Strong 2014 predicted for Chinese property market | 28 January 2014
China’s commercial property is set for a strong 2014, provided the wider economy isn’t blighted by over-regulation or restriction.
New figures released by Knight Frank reveal that new retail property supply reached half a million sq m over 2013, with a vacancy rate below 10 per cent. Large-scale downtown shopping malls are thought to be among the biggest drivers of this activity, with the likes of K11, iapm and the second phase of Jing’an Kerry Centre combining to be worth some 342,000 sq m- a 16.8 per cent rise year-on-year.
Specifically, Shanghai saw the finishing of some 510,000 sq m of Grade-A office space over the past year expected to amount to a total value of RMB30 million.
Overall rental values across China have remained largely stable, henrywiltshire.co.uk reports. In the residential property world, meanwhile, luxury homes have soared by 17.1 per cent. In Shanghai, the comparative figure is 7.3 per cent.

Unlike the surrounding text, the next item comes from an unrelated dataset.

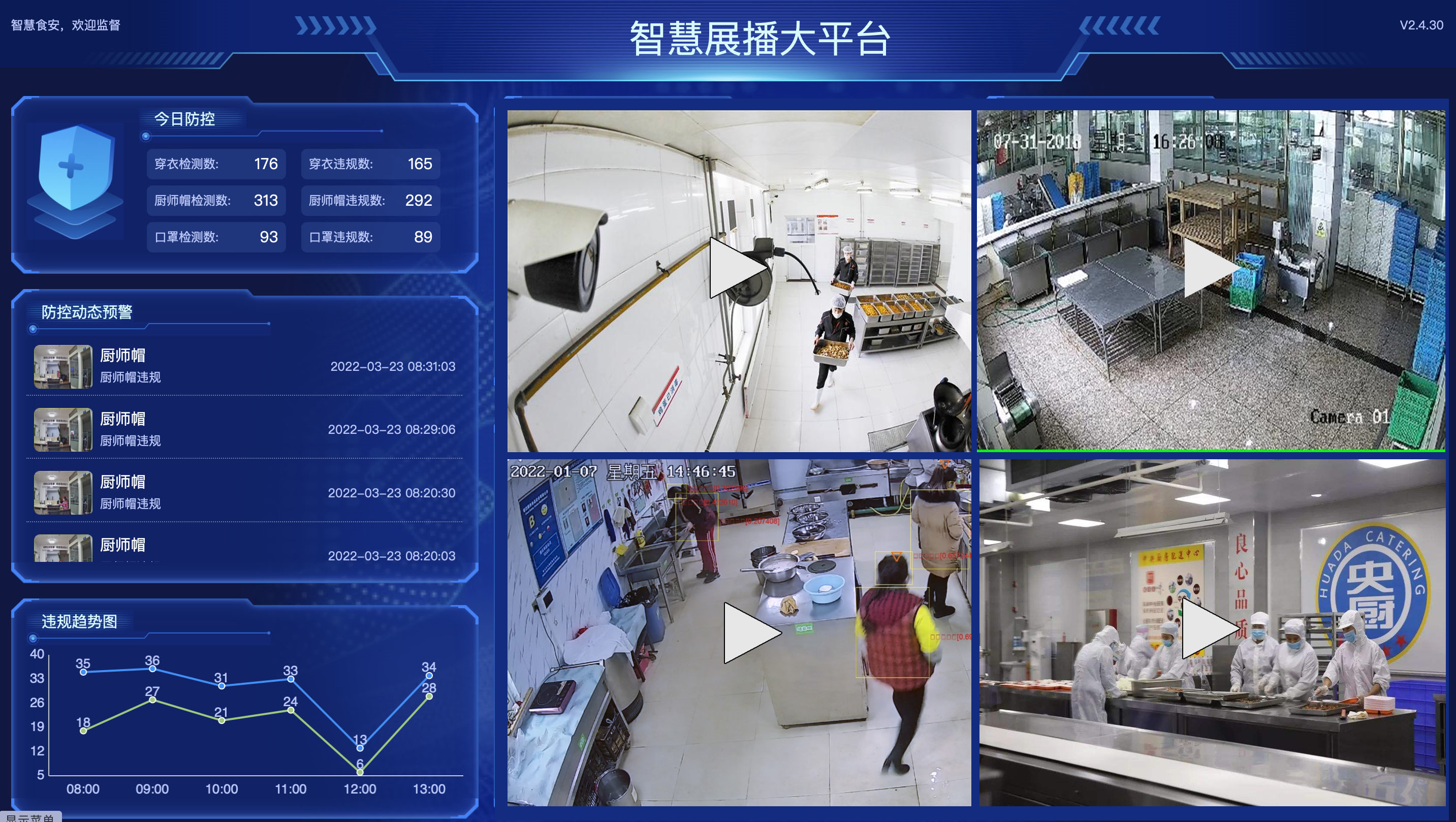 覆蓋關鍵區域?:攝像頭安裝位置需覆蓋粗加工區、烹飪區、專間及專用操作區域、餐飲具清洗消毒區等重點區域,確保能清晰看到廚房環境衛生、食品加工操作、人員穿戴及餐飲具清洗消毒等情況。

All of this has pointed to strong growth in the country’s commercial property market – although Knight Frank noted that building restrictions, such as those exerted on Guangzhou, are likely to cool the growing market and potentially rein in any widespread growth.
The report, propertywire.com notes, claimed that the unstable global economy – coupled with slower retail sales – is likely to restrict expansion by international brands. Despite this, however, the retail leasing market still saw moderate growth, with a change in spending patterns helping to stimulate the expansion of mid-range brands.
The views expressed in this post are those of the author and are not necessarily those of Qube Global Software. All facts are verified where possible directly by the author.